*Exercise*
Below is a listing; print exactly its lines from the one containing "3、点击表情图标之后,就会出" down to the one containing "2020年4月24日,Bea", both inclusive, with every picture left out.

*Listed records*
########

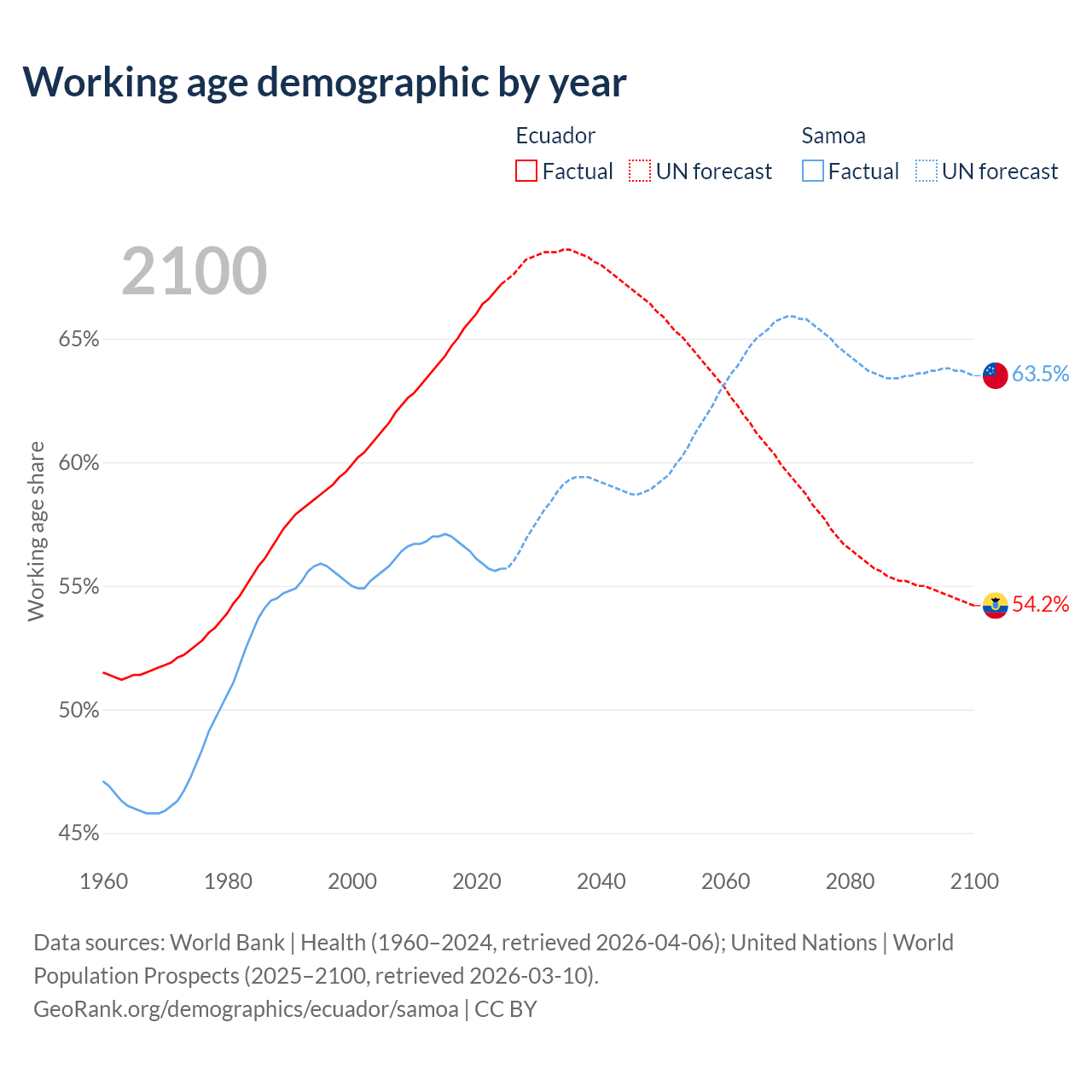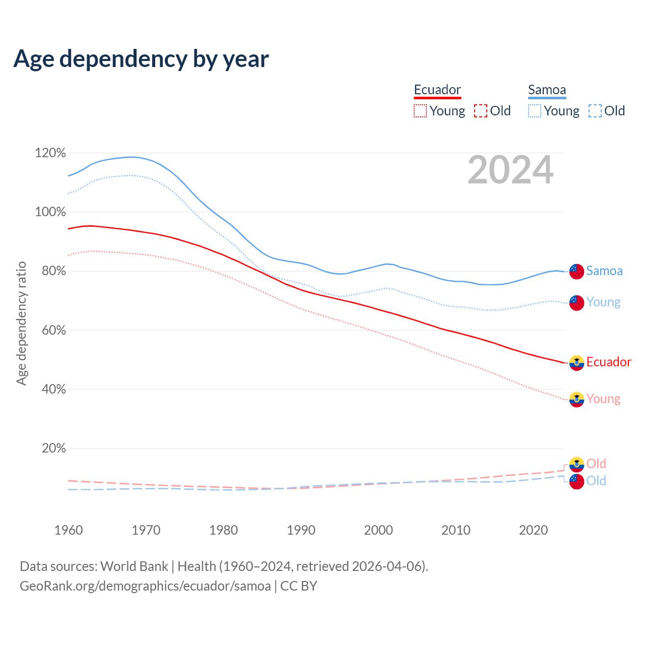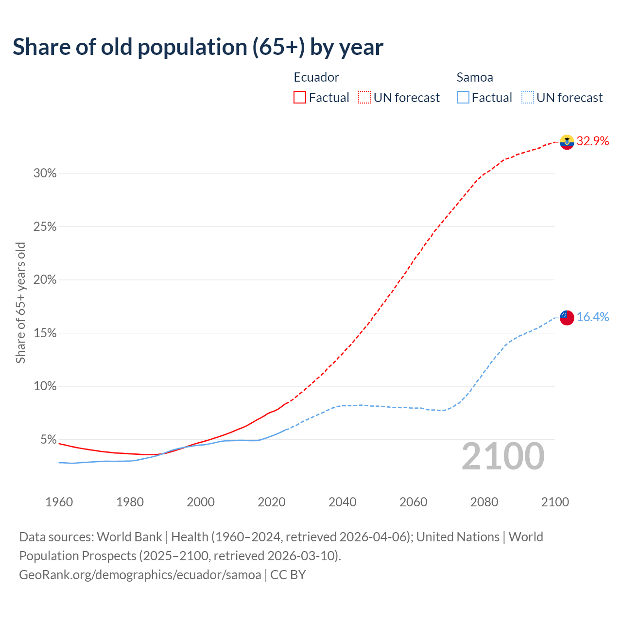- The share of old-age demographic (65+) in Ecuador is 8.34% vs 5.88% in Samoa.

########

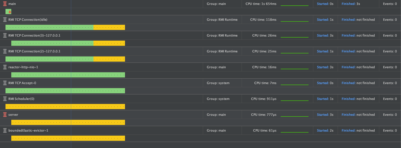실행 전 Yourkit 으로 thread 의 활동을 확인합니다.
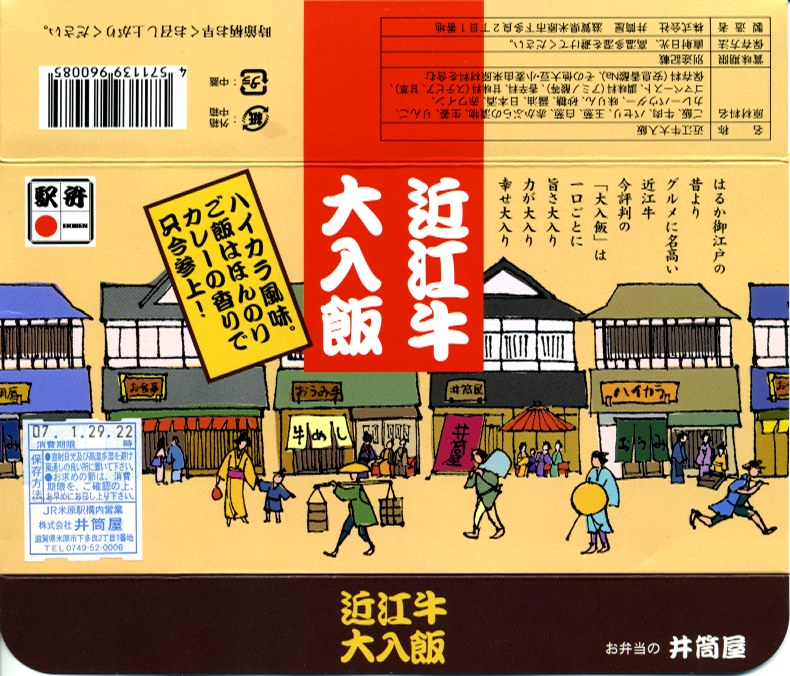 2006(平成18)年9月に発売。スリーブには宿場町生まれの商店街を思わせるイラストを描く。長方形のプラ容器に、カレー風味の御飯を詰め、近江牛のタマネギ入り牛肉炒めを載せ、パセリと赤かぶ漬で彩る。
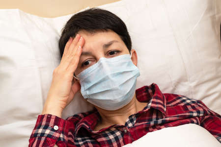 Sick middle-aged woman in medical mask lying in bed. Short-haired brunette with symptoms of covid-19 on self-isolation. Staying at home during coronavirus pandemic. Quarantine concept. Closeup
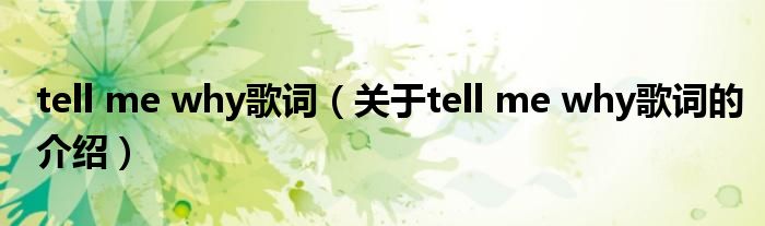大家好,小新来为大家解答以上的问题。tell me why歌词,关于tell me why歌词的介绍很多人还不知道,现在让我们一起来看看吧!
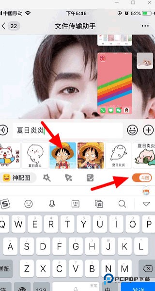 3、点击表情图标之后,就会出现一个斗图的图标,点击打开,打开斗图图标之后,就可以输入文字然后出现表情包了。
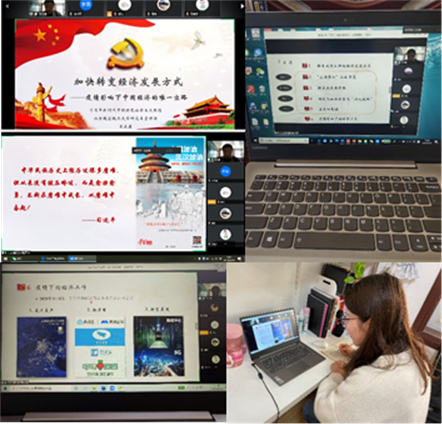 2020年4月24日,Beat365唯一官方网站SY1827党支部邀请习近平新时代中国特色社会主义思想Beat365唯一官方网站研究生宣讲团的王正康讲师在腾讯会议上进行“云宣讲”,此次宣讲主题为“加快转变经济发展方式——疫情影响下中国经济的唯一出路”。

########

*Task output*
 3、点击表情图标之后,就会出现一个斗图的图标,点击打开,打开斗图图标之后,就可以输入文字然后出现表情包了。
 2020年4月24日,Beat365唯一官方网站SY1827党支部邀请习近平新时代中国特色社会主义思想Beat365唯一官方网站研究生宣讲团的王正康讲师在腾讯会议上进行“云宣讲”,此次宣讲主题为“加快转变经济发展方式——疫情影响下中国经济的唯一出路”。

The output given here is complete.